Three weeks after he buried his brother, Tadeusz buried his father in an adjacent grave, again clawing at the frozen ground. When he could dig no more, he dragged his father`s emaciated body into the grave and covered it with stones. He stared at the graves of his father and brother, side by side in the shade of a tree in Kazakhstan. He vowed to avenge them – and to avenge all his fellow Poles who had suffered.

With nothing to lose, and two lives to avenge, Tadeusz jumped a train heading south, where the Polish army was forming in the USSR.  He evacuated to Persia (Iran) with the army.  After he was nursed back to health, he trained in Iraq and Palestine, and fought battles in the Italian Campaign.

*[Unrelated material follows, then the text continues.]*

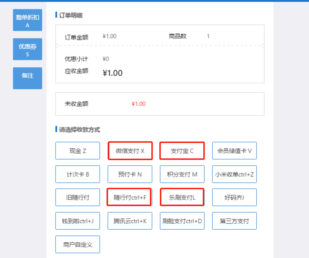 3、打開前臺收銀端,選擇商品加入購物車,選擇收款,選擇對應的支付方式(注意:官方支付是分開的,支付寶選擇支付寶,微信選擇微信;其他支付都是聚合的,直接選擇即可)
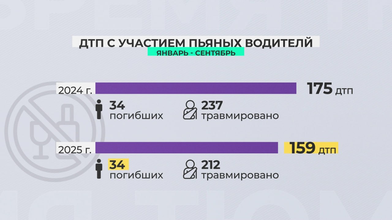 Госавтоинспекция отмечает рост погибших в ДТП с участием пьяных водителей. В этом году произошло 159 таких аварий, 34 человека погибли, 212 ранены.

The Allies won the war, but Poland was never the same. Maps were redrawn, the eastern borderlands were now part of the USSR, and the rest of Poland was under Communist rule.

Tadeusz studied engineering in England, where he met a pretty girl named Joyce while waiting for a bus. They married on Valenbtine’s Day in 1953 – 12 years and a day after his father’s death.

Tadeusz has lived in Canada since the 1950s. He has written and self-published a book, in Polish and English, about his family’s Siberian ordeal. On the cover is a black and white photograph of his family. The picture is sliced into several pieces with German swastikas and Russian sickles splitting the family’s survivors from those who died in 1941.

Memories like these are burned into the minds of the Poles who lived through the brutal Siberian deportations of 1940-1941.  Wherever they found new lives after WW2, the survivors bore both the physical and mental scars caused by abuse, starvation, and grief.

Many refused to talk about their ordeals in Siberia, fearing reprisal from the same Soviet System that had enslaved them. Others remained silent because they could not find words to convey the horrors.

But now, as the decades pass and the legacy of the deported Poles fades deeper into historical obscurity, more and more survivors are sharing their stories.

Those old enough to remember Siberia are now old. They want to tell the world what happened while they still can.  This is what Tadeusz tried to do.

Tadeusz died on Saturday, September 21, 2013.